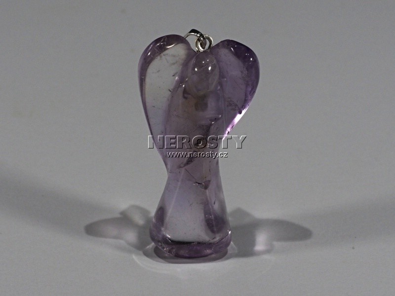 Přívěšek, figurka anděla s očkem pro řetízek. Figurka je vyrobena z vybraného kusu kamene, v tomto případě ametystu. |
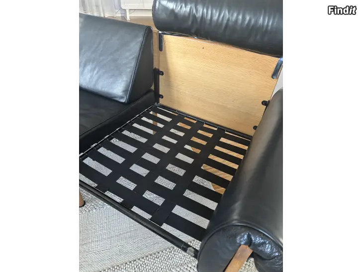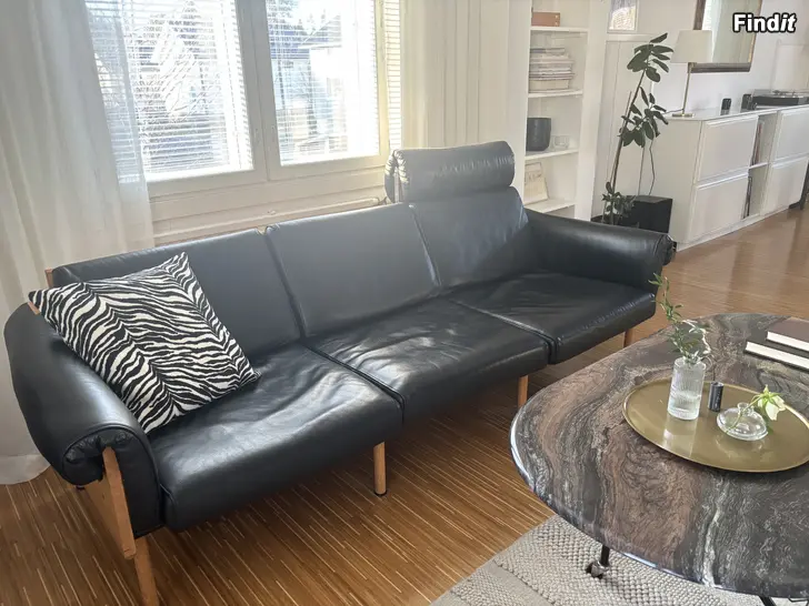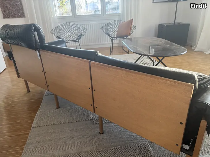 Yrjö Kukkapuron Haimi Ateljee 3-istuttava sohva, Mustanahka ja ruusupuurunko, istuin ja selkänosan nahat uusittu n.3 vuotta sitten. Laadukas! Löytyy 3kpl alkuperäistä niskatukea, missä alkuperäinen nahka. Kuvissa, meillä käytössä vain yksi niskatuki.
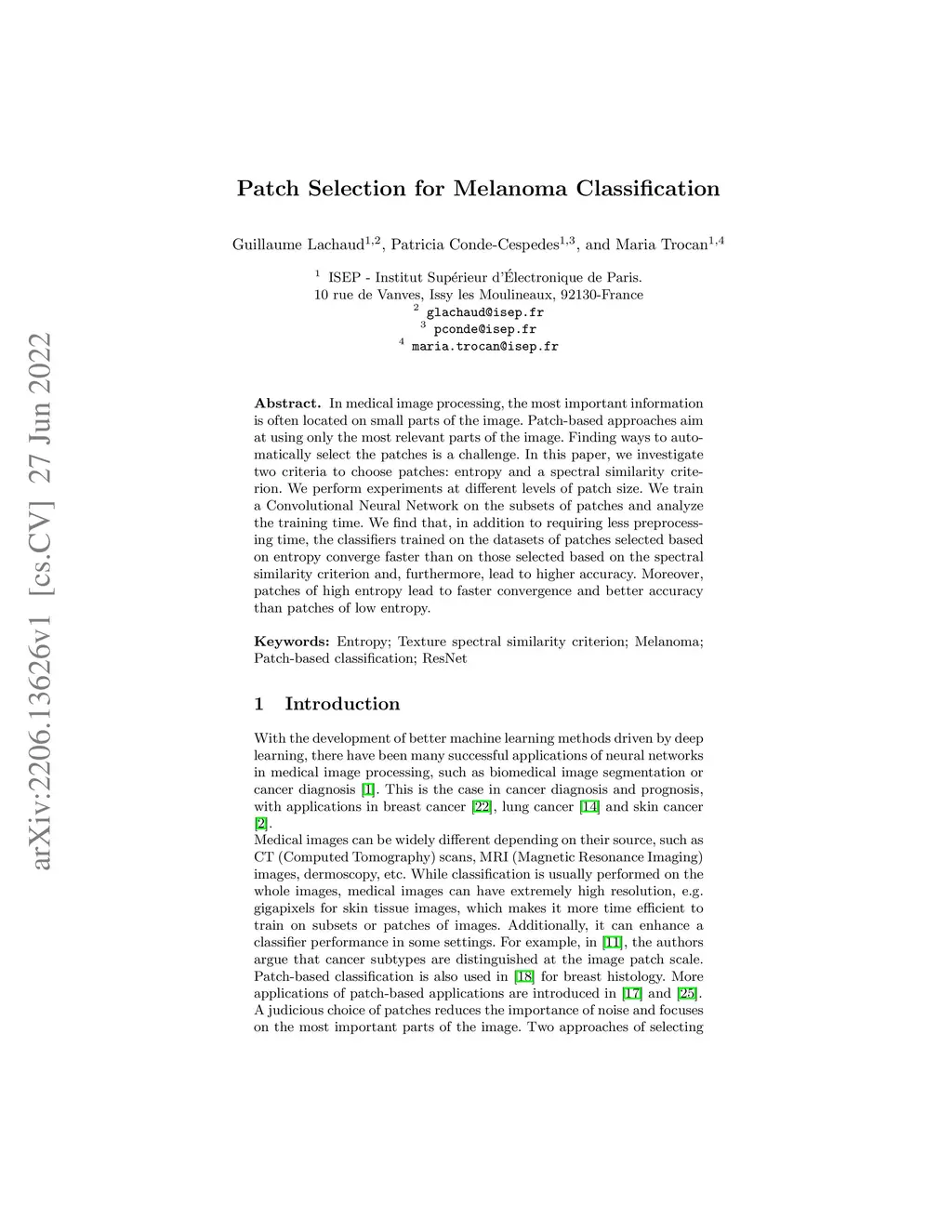 In medical image processing, the most important information is often located on small parts of the image. Patch-based approaches aim at using only the most relevant parts of the image. Finding ways to automatically select the patches is a challenge. In this paper, we investigate two criteria to choose patches: entropy and a spectral similarity criterion. We perform experiments at different levels of patch size. We train a Convolutional Neural Network on the subsets of patches and analyze the training time. We find that, in addition to requiring less preprocessing time, the classifiers trained on the datasets of patches selected based on entropy converge faster than on those selected based on the spectral similarity criterion and, furthermore, lead to higher accuracy. Moreover, patches of high entropy lead to faster convergence and better accuracy than patches of low entropy.

◆ Problem
Nothing but the text is wanted: repeat the data above exactly, without its images.

◆ Exercise output
 Přívěšek, figurka anděla s očkem pro řetízek. Figurka je vyrobena z vybraného kusu kamene, v tomto případě ametystu. |
 Yrjö Kukkapuron Haimi Ateljee 3-istuttava sohva, Mustanahka ja ruusupuurunko, istuin ja selkänosan nahat uusittu n.3 vuotta sitten. Laadukas! Löytyy 3kpl alkuperäistä niskatukea, missä alkuperäinen nahka. Kuvissa, meillä käytössä vain yksi niskatuki.
 In medical image processing, the most important information is often located on small parts of the image. Patch-based approaches aim at using only the most relevant parts of the image. Finding ways to automatically select the patches is a challenge. In this paper, we investigate two criteria to choose patches: entropy and a spectral similarity criterion. We perform experiments at different levels of patch size. We train a Convolutional Neural Network on the subsets of patches and analyze the training time. We find that, in addition to requiring less preprocessing time, the classifiers trained on the datasets of patches selected based on entropy converge faster than on those selected based on the spectral similarity criterion and, furthermore, lead to higher accuracy. Moreover, patches of high entropy lead to faster convergence and better accuracy than patches of low entropy.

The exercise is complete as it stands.